Slides                    YouTube


The praised and cursed hybrid education seems to become reality at least in higher education in the upcoming years. The biggest threat we have seen so far is the low engagement of the remote students when they are mediated via a teleconferencing system as they tend to be forgotten by the professor while the physical students are in class. This, of course, leads to incomplete learning gains. Another threat the remote learners tend to experience is the social isolation because it is difficult to immerse yourself to another location when you do not control your senses and body-movement at that other location. Based on my recent research, I will contemplate whether a telepresence robot could cultivate a stronger feeling of social presence and enable richer communication that is more similar to that of an in-person communication.


Janika Leoste is an associate professor of educational robotics at Tallinn University and a post-doctoral researcher of IT Didactics at Tallinn University of Technology, Estonia.

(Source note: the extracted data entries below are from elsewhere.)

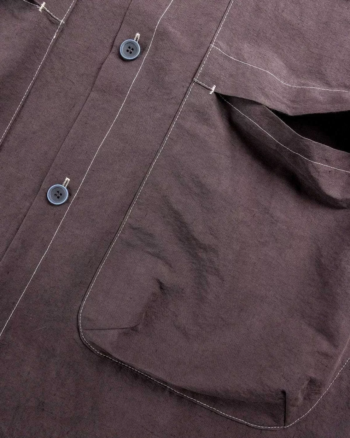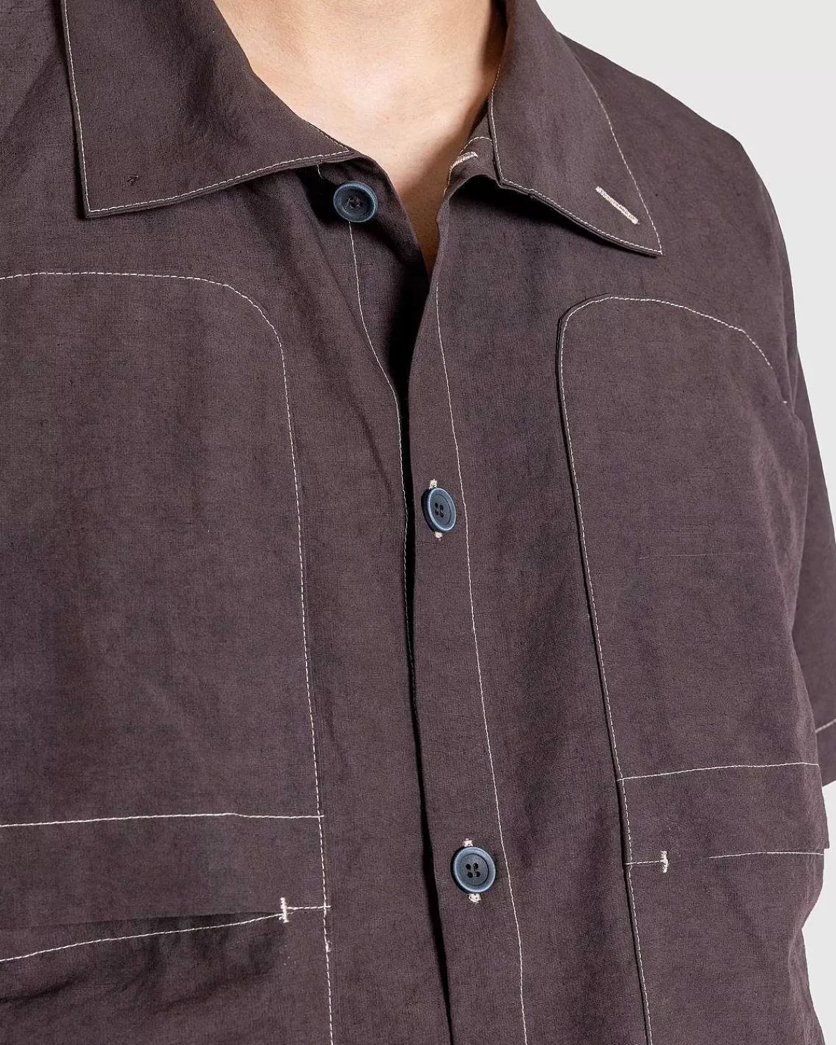 Glems-Skjorten Er Produceret I En Bomulds- Og Hørblandingslærred Med Diskret Pilling Overalt. Den Er Detaljeret Med Kontrastsyninger Og Har En Spredt Krave, Knaplukning Foran Og Korte Ærmer. En Træksnor I Bungee-Stil Er Indbygget I Tøjets Kant For At Give Mulighed For Subtile Justeringer Af Stiling, Da Patchlommer Kommer Frem På Forsiden For At Fuldende Designet.
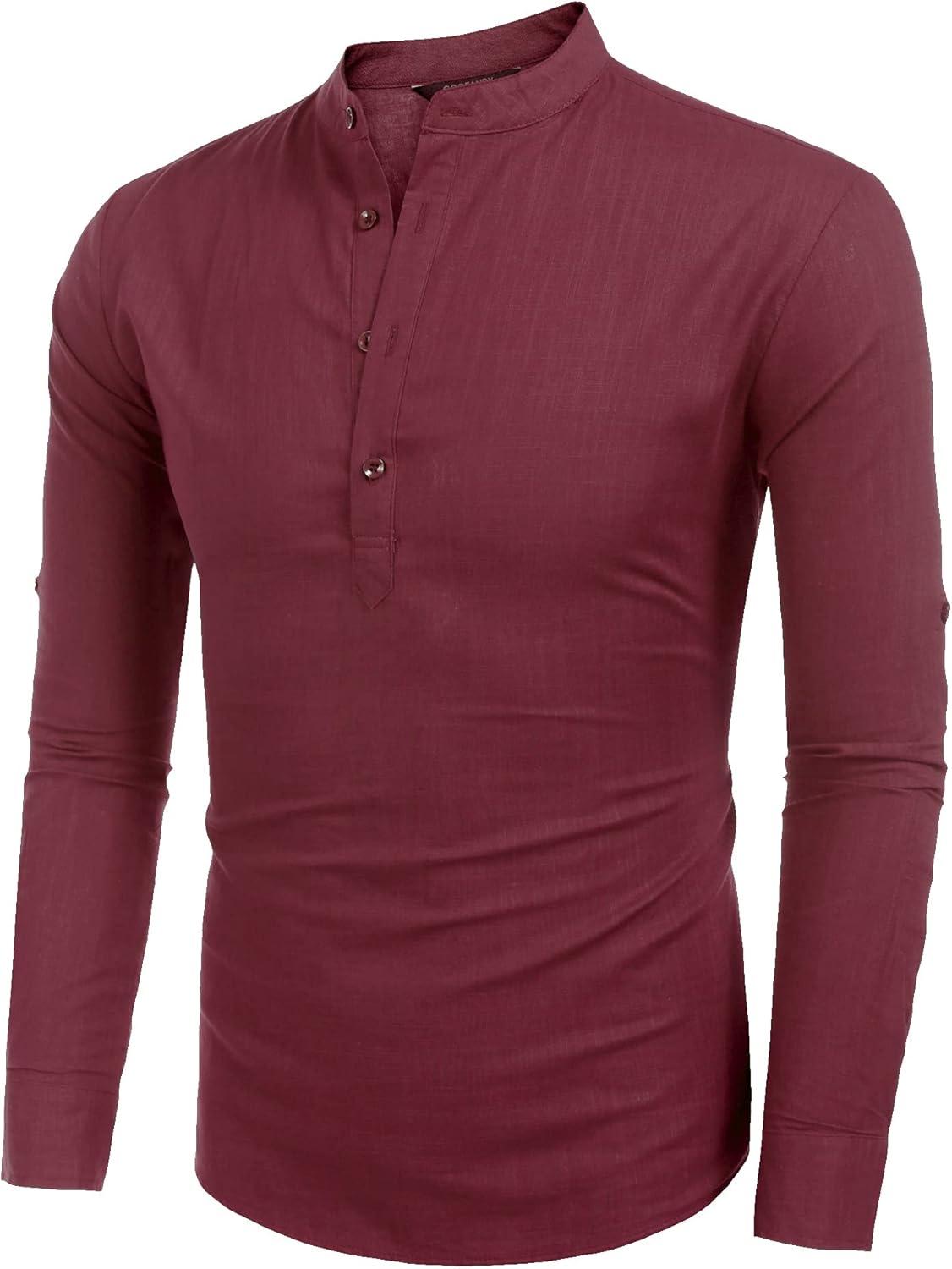 COOFANDY Men's Cotton Linen Henley T-Shirts Long Sleeve Hippie Casual Beach T-Shirts(Wine Red)
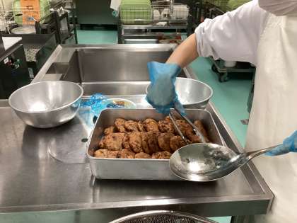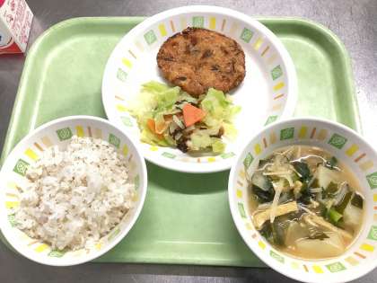 今日の給食は、麦ごはん、手作りさつま揚げ、キャベツの塩昆布和え、じゃがいもとわかめの、みそ汁、牛乳です。
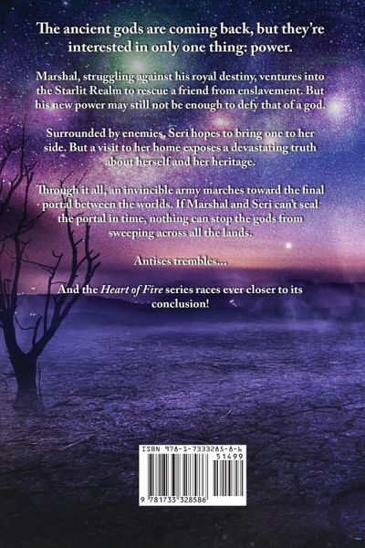 The ancient gods are coming back, but they're interested in only one thing: power. Marshal, struggling against his royal destiny, ventures into the Starlit Realm to rescue a friend from enslavement. But his new power may still not be enough to defy that of a god. Surrounded by enemies, Seri hopes to bring one to her side. But a visit to her home exposes a devastating truth about herself and her heritage. Through it all, an invincible army marches toward the final portal between the worlds. If Marshal and Seri can't seal the portal in time, nothing can stop the gods from sweeping across all the lands. Antises trembles... And the Heart of Fire series races ever closer to its conclusion!
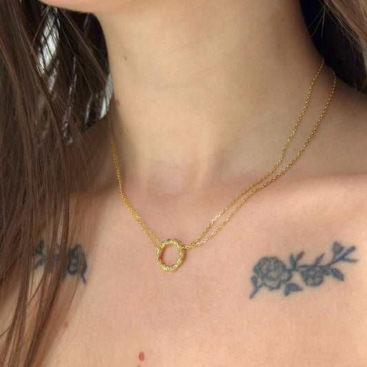Sidabrinis auksuotas minimalistinio stiliaus burbuliukas su grandinėle
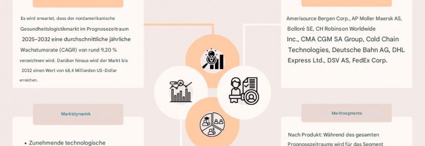 Eine analytische Übersicht von Report Cube, die Marktgröße, Segmentierung, Prognoseentwicklungen und regionale Einblicke in den nordamerikanischen Markt für Gesundheitslogistik aufzeigt, gestützt auf strukturierte Datensätze und Branchenforschungsergebnisse.
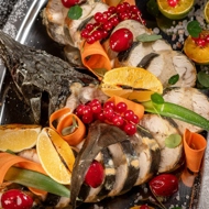 After cooling, remove the film from the roll and slice it like a sausage. Serve it on a plate. For a cold presentation, use garnishes such as lemon, lime, mixed greens, cherry tomatoes, and olives; for a hot presentation, brush the top of the roll with soy sauce or teriyaki sauce, briefly bake it, and then slice.
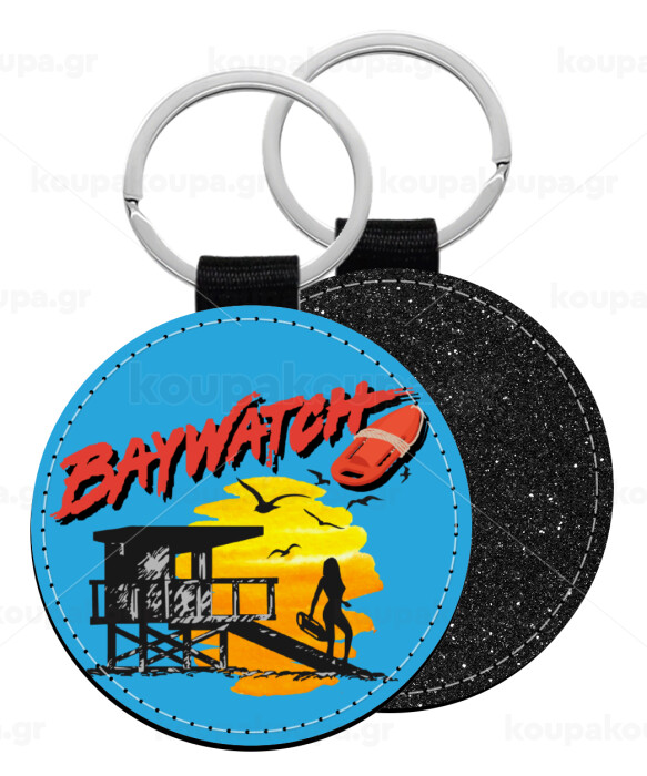 Baywatch, Μπρελόκ Δερματίνη, στρογγυλό ΜΑΥΡΟ (5cm)
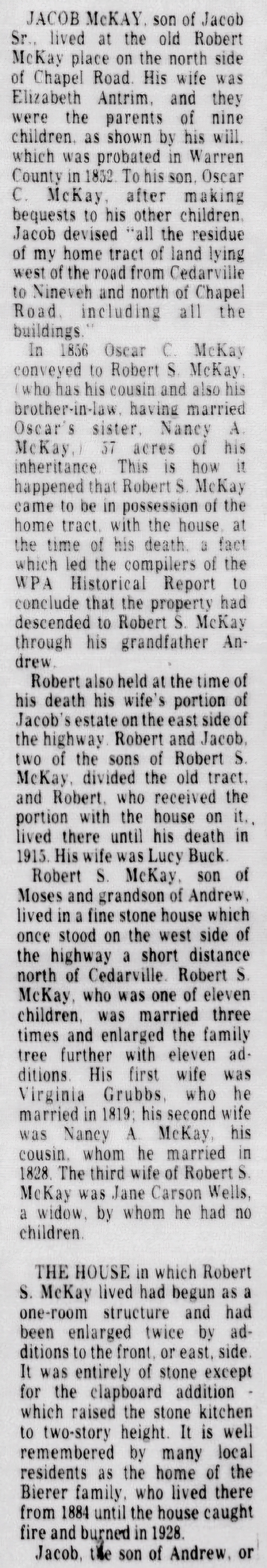 JACOB McKAY, son of Jacob Sr., lived at the old Robert McKay place on the north side of Chapel Road. His wife was Elizabeth Antrim, and they were the parents of nine children, as shown by his will, which was probated in Warren County in 1852. To his son, Oscar C. McKay, after making bequests to his other children, Jacob devised "all the residue of my home tract of land lying west of the road from Cedarville to Nineveh and north of Chapel Road, including all the buildings."

Her research interests lie on developing innovative didactical methods for technology enhanced learning, technological educational innovations and their sustainability. She is also leading the “Creativity Matters” IT didactics research group at Tallinn University of Technology, with the main research focus on didactical use of telepresence robots. In addition, Janika is leading the interdisciplinary educational innovation collaboration cluster STEAM4EDU at Tallinn University that aims at developing knowledge transfer with EdTech companies and influencing the digital education landscape in Estonia and cross-border.